Professor shares how many years a friendship must last before it'll become lifelong
Think of your best friend. How long have you known them? Growing up, children make friends and say they’ll be best friends forever. That’s where “BFF” came from, for crying out loud. But is the concept of the lifelong friend real? If so, how many years of friendship will have to bloom before a friendship goes the distance? Well, a Dutch study may have the answer to that last question.
Sociologist Gerald Mollenhorst and his team in the Netherlands did extensive research on friendships and made some interesting findings in his surveys and studies. Mollenhorst found that over half of your friendships will “shed” within seven years. However, the relationships that go past the seven-year mark tend to last. This led to the prevailing theory that most friendships lasting more than seven years would endure throughout a person’s lifetime.
In Mollenhorst’s findings, lifelong friendships seem to come down to one thing: reciprocal effort. The primary reason so many friendships form and fade within seven-year cycles has much to do with a person’s ages and life stages. A lot of people lose touch with elementary and high school friends because so many leave home to attend college. Work friends change when someone gets promoted or finds a better job in a different state. Some friends get married and have children, reducing one-on-one time together, and thus a friendship fades. It’s easy to lose friends, but naturally harder to keep them when you’re no longer in proximity.

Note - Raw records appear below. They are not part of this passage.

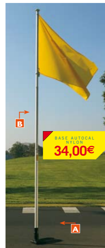
Base Autocal y mástil telescópico simple.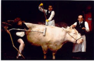
Cie extrêmement prétentieuse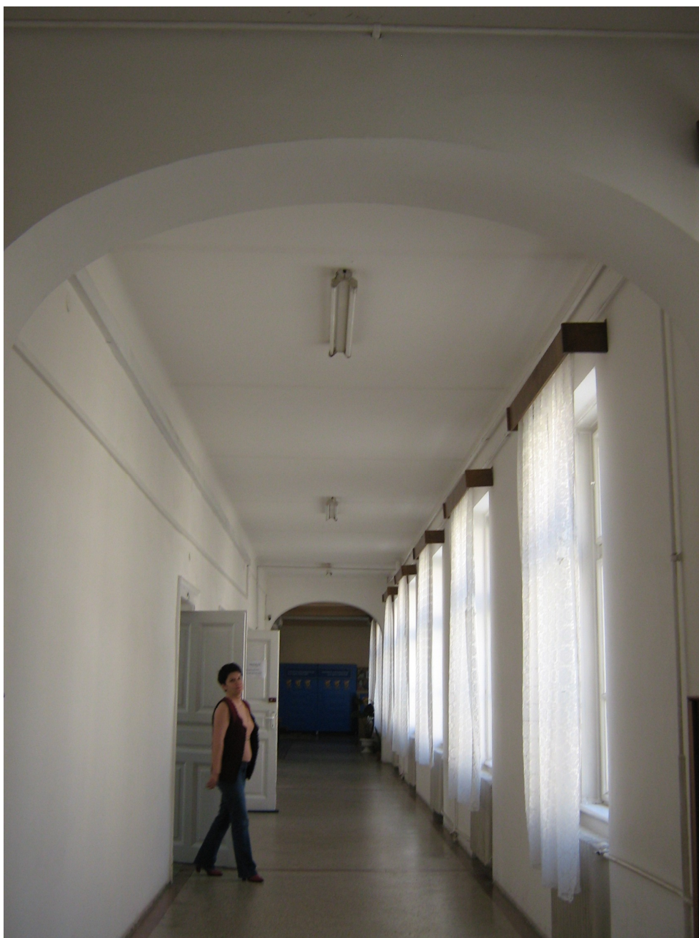
Fig. 21 – Idem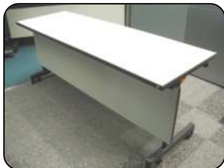
⑥ 長机・6脚程度 縦：60cm・横：180cm 高さ：70cm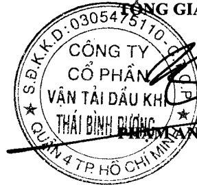
PHÙNG ANH TUẤN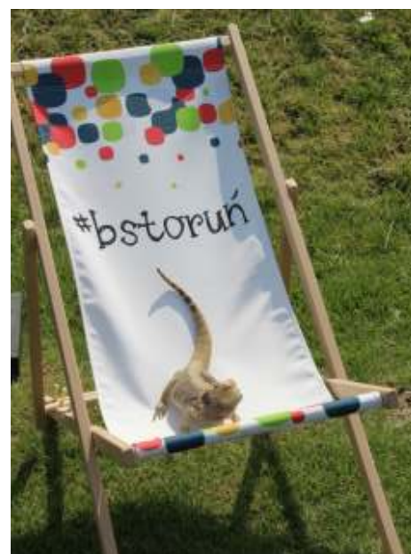
Jaszczurka - żywy symbol lisewskiego biegu.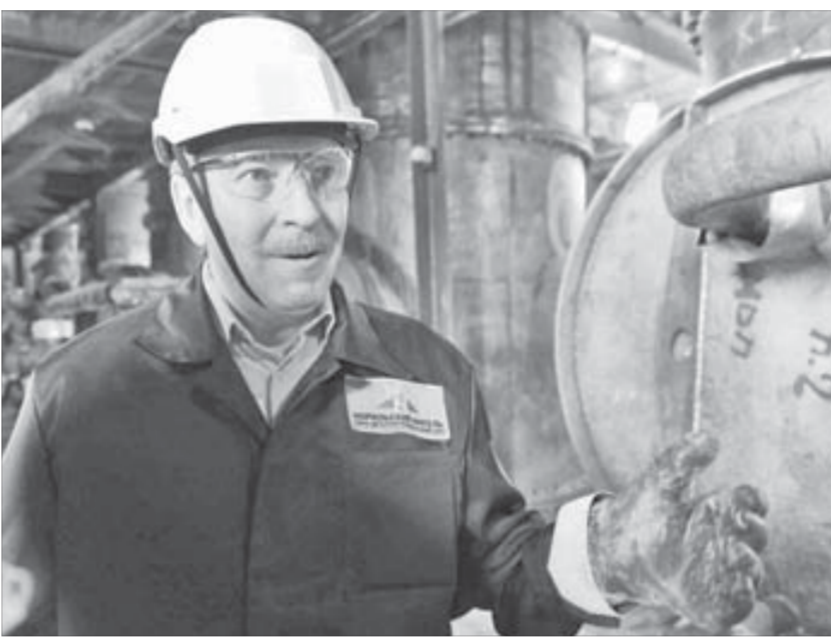
Работа у гидрометаллурга не пыльная, но... влажная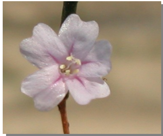
L. stenophyllum . Detalle de la corola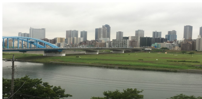
東京側から見た川崎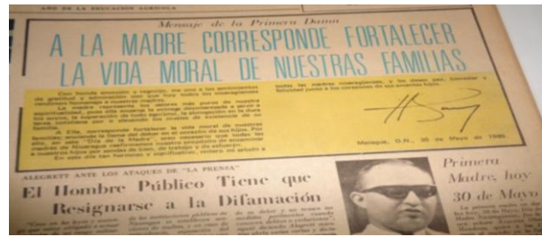
Novedades , 30 de mayo, 1969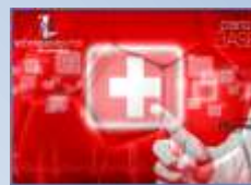
Scragaseguros Plano Base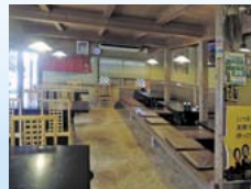
木造りの落ち着いた店内で極上のとんかつを。

住所：うきは市吉井町千年248 ☎：0943-76-5429 営業時間：11:30～14:30、18:00～20:30 (OS) 水曜日定休 駐車場30台 美奈宜の杜から国道386号線をうきは市方面へ。国道210号線「千年交差点」すぐそば。車で約25分。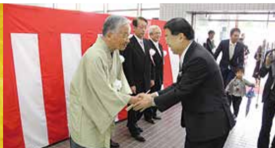
会場入口で参加者を出迎える和服姿の石井市長(写真は山田京都府知事)

5月13日、田辺中央体育館で、市制20周年記念式典が開かれました。表彰・感謝状を受ける市民をはじめ、府知事・国会議員・近隣市町村長ら約750人が出席し、京田辺市の二十歳を盛大に祝うとともに、さらなる飛躍を誓いました。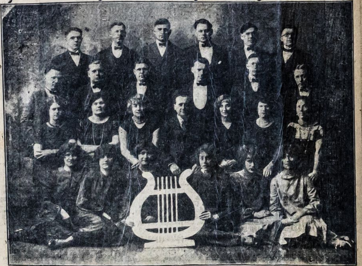
Laisvės Choras, Hav erhill, Mass.

Gerbiami darbininkai ir darbininkės! Jūs privalote būtinai dalyvauti šiame mūsų metiniame piknike, kurį rengia su- čiau minėti chorai. Tokį parengimą duodame tik sykį į metus, todėl kviečiame dalyvauti ne tik vietinius, bet ir iš tolia- Bus visokių pasilinksminių (Amusements), kas bus malonu visiems. Šokiams grieš Bert Orris Musical Reviewers, kur sutraukia milžiniškas minias publikos.

Some people on Reddit even wonder if lifelong friendships are actually real or just a romanticized thought nowadays. However, older commenters showed that lifelong friendship is still possible:
“I met my friend on the first day of kindergarten. Maybe not the very first day, but within the first week. We were texting each other stupid memes just yesterday. This year we’ll both celebrate our 58th birthdays.”
“My oldest friend and I met when she was just 5 and I was 9. Next-door neighbors. We're now both over 60 and still talk weekly and visit at least twice a year.”
“I’m 55. I’ve just spent a weekend with friends I met 24 and 32 years ago respectively. I’m also still in touch with my penpal in the States. I was 15 when we started writing to each other.”
“My friends (3 of them) go back to my college days in my 20’s that I still talk to a minimum of once a week. I'm in my early 60s now.”
“We ebb and flow. Sometimes many years will pass as we go through different things and phases. Nobody gets buttsore if we aren’t in touch all the time. In our 50s we don’t try and argue or be petty like we did before. But I love them. I don’t need a weekly lunch to know that. I could make a call right now if I needed something. Same with them.”
Maintaining a friendship for life is never guaranteed, but there are ways, psychotherapists say, that can make a friendship last. It’s not easy, but for a friendship to last, both participants need to make room for patience and place greater weight on their similarities than on the differences that may develop over time. Along with that, it’s helpful to be tolerant of large distances and gaps of time between visits, too. It’s not easy, and it requires both people involved to be equally invested to keep the friendship alive and from becoming stagnant.
As tough as it sounds, it is still possible. You may be a fortunate person who can name several friends you’ve kept for over seven years or over seventy years. But if you’re not, every new friendship you make has the same chance and potential of being lifelong.